What you put on your plate today could have a profound impact on your brain health decades from now. A massive long-term study just revealed that women who closely follow a Mediterranean style of eating have a significantly lower risk of suffering a stroke.
This diet, often recommended by doctors due to other health benefits, focuses on produce, beans, fish and healthy fats like olive oil. It’s light on dairy, meat and other foods high in saturated fat.
The findings, published recently in Neurology Open Access, a journal of the American Academy of Neurology, add to a growing pile of evidence that food truly is medicine. While the research does not prove that the diet directly prevents strokes, it uncovers a powerful and undeniable connection between your everyday food choices and your long-term neurological health.
To understand this link, researchers tracked more than 100,000 women for an average of 21 years. Each woman received a comprehensive diet score ranging from zero to nine.
Participants earned a point if they ate more than the average amount of whole grains, fruits, vegetables, beans, fish and olive oil. They also earned a point for moderate alcohol consumption. Then, they gained points for eating less red meat and less dairy than the general public.

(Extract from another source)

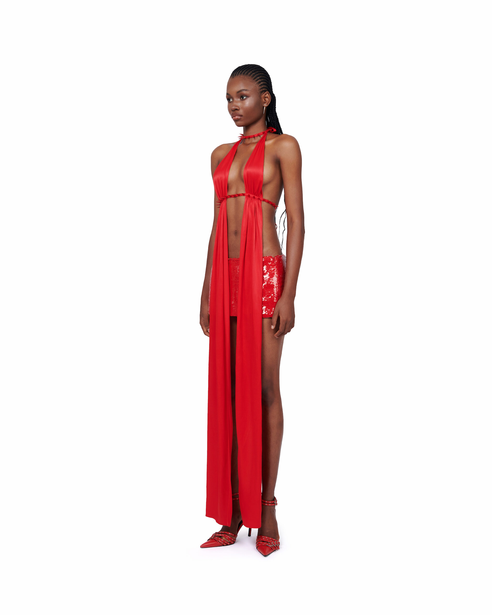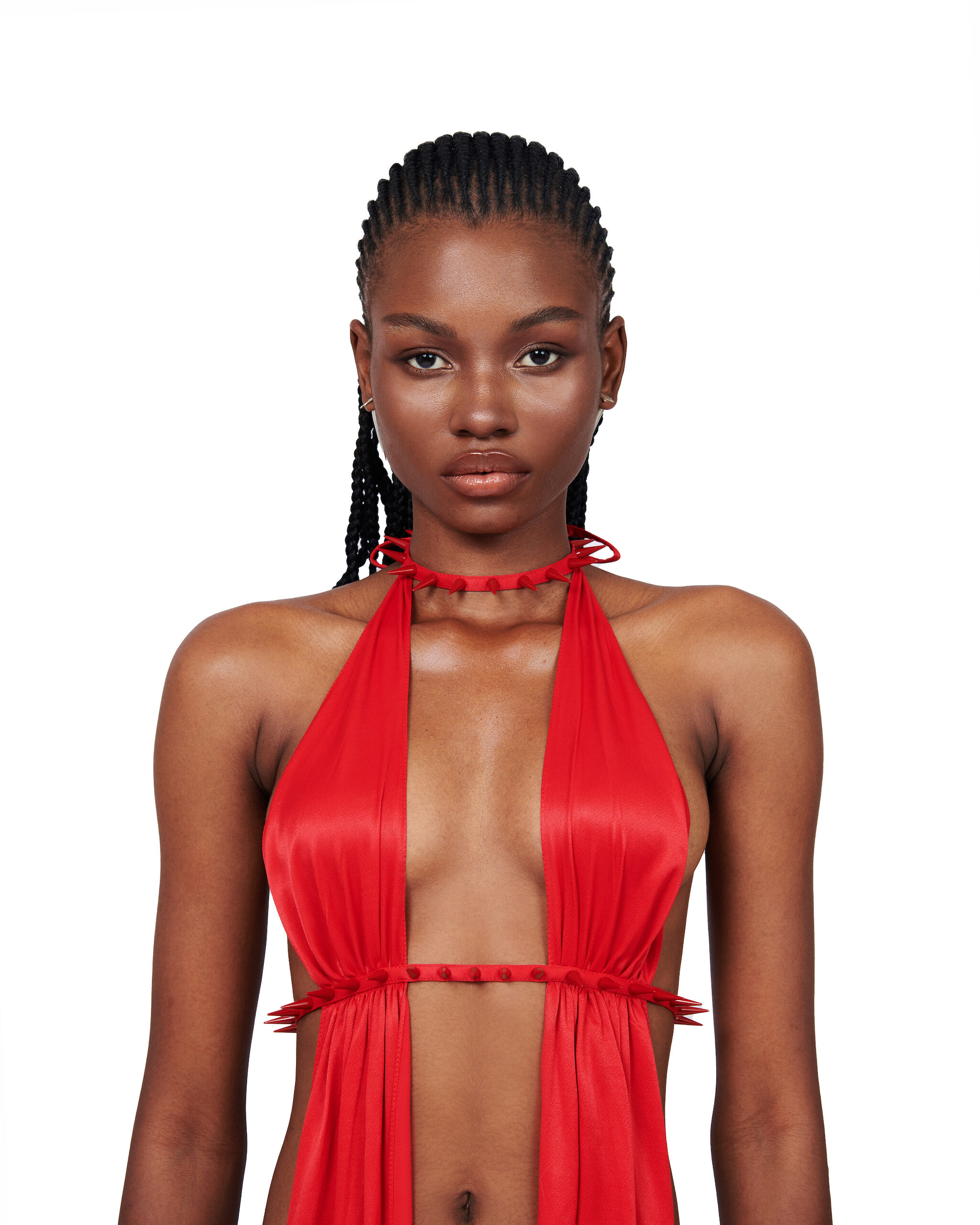 DEEP-CUT HALTER TOP WITH SPIKE DETAILS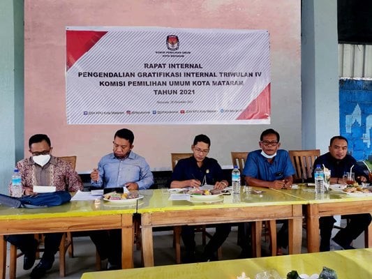 #TemanPemilih Pada Hari Selasa 28 Desember 2021 Tim Jaringan Dokumentasi dan Informasi Hukum Komisi Pemilihan Umum Kota Mataram melaksanakan Rapat Internal Pengendalian Gratifikasi Internal Triwulan IV di lingkungan Komisi Pemilihan Umum Kota Mataram Tahun 2021. Acara ini dihadiri oleh dipandu oleh Ketua dan seluruh Anggota Komisi Pemilihan Umum Kota Mataram, yang dihadiri oleh jajaran Sekretariat Komisi Pemilihan Umum Kota Mataram. Bertempat di Lesehan Taliwang Tiga-Tiga, Ketua Komisi Pemilihan Umum Kota Mataram menyampaikan arahan untuk bersinergi dalam menyelesaikan tugas-tugas, terlebih ketika Tahapan Pemilihan Umum Tahun 2024 mulai. Pada kesempatan tersebut, Ketua Divisi Sosialisasi, Pendidikan Pemilih, Partisipasi Masyarakat, dan Sumber Daya Manusia, Sopan Sopian Hadi, S.E., M.M. menyampaikan perlunya membuat video-video himbauan tentang pengendalian gratifikasi di lingkungan Komisi Pemilihan Umum Kota Mataram, kemudian Ketua Divisi Hukum dan Pengawasan, I Ketut Swena, S.H. membahas mengenai potensi gratifikasi dan langkah-langkah menangani hal tersebut. Menindaklanjuti potensi-potensi gratifikasi, jajaran Tim Penanganan Gratifikasi di Komisi Pemilihan Umum Kota Mataram telah melaksanakan Standard Operational Procedure sesuai yang ditetapkan oleh Komisi Pemberantasan Korupsi sejak Tahun 2021, sebagaimana disampaikan oleh Tim Penanganan Gratifikasi, Komisi Pemilihan Umum Kota Mataram ikut serta dalam menggunakan aplikasi Gratifikasi On-Line (GOL) dan membuka layanan pelaporan baik secara daring maupun luring. Diharapkan, melalui rapat internal tersebut, kinerja jajaran Sekretariat Komisi Pemilihan Umum Kota Mataram akan meningkat, dan dapat memberikan pelayanan prima kepada masyarakat dan para pemangku kepentingan, sesuai semboyan #KPUMelayani

Over the two decades of the study, researchers recorded thousands of strokes among the group.
Women who scored the highest on the diet scale — meaning they most closely followed the Mediterranean model — were 18% less likely to experience any type of stroke compared to those with the lowest scores.
This lower risk applied to both major types of stroke.
The most common type happens when a stubborn blood clot blocks blood flow to a specific part of the brain. Women who strictly followed the Mediterranean diet saw their risk for these dangerous clot-based strokes drop by 16%.
The diet proved to be even more protective against an often more severe type of stroke caused by sudden bleeding inside the brain (hemorrhagic strokes). The women with the highest diet scores experienced a massive 25% lower risk of these bleeding strokes.
This specific finding is vital because bleeding strokes are much harder to treat and have been studied far less frequently in terms of any connections to daily nutrition.
The research team made sure to account for other major lifestyle factors that naturally influence stroke risk, like smoking, physical activity levels, and high blood pressure.
Even when all of those outside factors were removed from the equation, the association between the Mediterranean diet and lower stroke risk remained.
Study author Sophia Wang, a researcher at the City of Hope Comprehensive Cancer Center, noted that stroke remains a leading cause of death and disability worldwide. She explained that it is exciting to realize that simply improving our daily meals could realistically lower our overall risk for such a devastating condition.